LAURA KUHN
– Executive Director, the John Cage Trust

Laura Kuhn enjoys a lively career as a writer, performer, scholar, and arts administrator. She worked during graduate school years in the early 1980s with the Russian-born infant terrible of American musicology, Nicolas Slonimsky, becoming successor editor upon his death of his acclaimed music dictionaries Baker’s Biographical Dictionary of Musicians and Music Since 1900. In 1986, upon completion of her M.A. degree from the University of California, Los Angeles (her thesis a comparative study of the theoretical ideas of German composer Richard Wagner with the montage film theory of Russian director Sergei Eisenstein), she also began working with the American composer, poet, visual artist, and philosopher John Cage in New York on a variety of large-scale projects, including his six “mesostic” lectures for Harvard University as holder of the Charles Eliot Norton Chair in Poetry (published as I-VI, Harvard University Press, 1990) and his first full-scale opera, Europeras 1 & 2, for the Frankfurt Opera (subsequently the subject of her 1992 doctoral dissertation from U.C.L.A., John Cage’s “Europeras 1 & 2”: The Musical Means of Revolution). 

From 1991 to 1996 she served as one of ten founding faculty members at Arizona State University West in Phoenix, where she helped to develop and implement an innovative Interdisciplinary Arts & Performance program. Simultaneously, upon Cage’s death in 1992, she worked with Cage’s long-time friends and associates Merce Cunningham, Anne d’Harnoncourt, and David Vaughan to found the John Cage Trust, which she continues to serve as Executive Director. In this capacity, Kuhn travels extensively, lecturing and conducting performance workshops in venues as diverse as the Shanghai Conservatory of Music, Warsaw’s Museum of Contemporary Art, and the Brussels’ “International Arts Festival.” 
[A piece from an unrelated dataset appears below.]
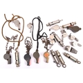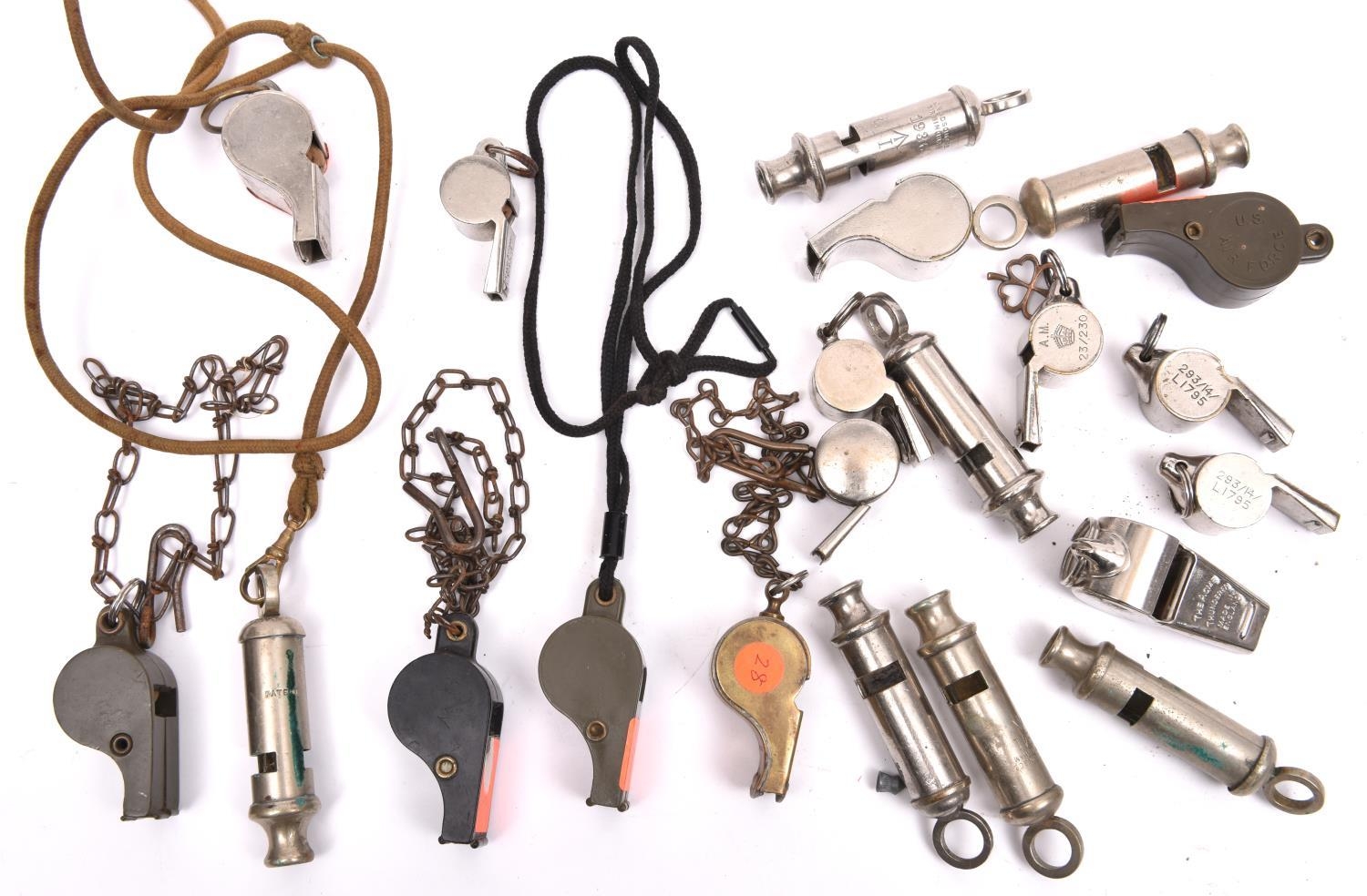 21 various whistles, mostly WWII military: 3 Air Ministry marked dinghy whistles; 7 “Metropolitan” type with broad arrow over 1940 (2), 1941 and 1944, broad arrow over I and broad arrow of “I” and “1936”; 3 US Military marked; 4 US plastic (Navy, Army (2) and Air Force); and 4 others. Average GC £50-80

In 1999 she even prepared a macrobiotic dinner for 80 to celebrate the first-ever installation of Cage’s celebrated Roaratorio: An Irish Circus on Finnegans Wake at Belfast’s “Queens Festival”. Other projects for the John Cage Trust under her direction have included a CD-ROM of sampled piano preparations from Cage’s landmark composition, Sonatas & Interludes (1946-48) for use by MIDI keyboard musicians, and the adaptation of Cage’s whimsical 1982 radio play, James Joyce, Marcel Duchamp, Erik Satie: An Alphabet, to the stage, which in 2000-2001 she directed in seven venues around the world. In 1999, on a bit of a lark, she also joined the onstage singing cast of Mikel Rouse’s irreverent “talk-show” opera, Dennis Cleveland, last mounted at N.Y.’s Lincoln Center in May 2002. 

In 2007, the John Cage Trust went into residential placement at Bard College in Annandale-on-Hudson New York, where Kuhn became the first John Cage Professor of Performance Arts. In celebration, she directed a fully staged version of Cage’s still politically prescient theater piece, Lecture on the Weather, with an all-star cast that included Cunningham, Jasper Johns, John Ashbery, Leon Botstein, John Ralston Saul, John Kelly, and others. She is currently working with the Pulitzer Prize-winning biographer Ken Silverman on The John Cage Correspondence Collection for Wesleyan University Press (2012).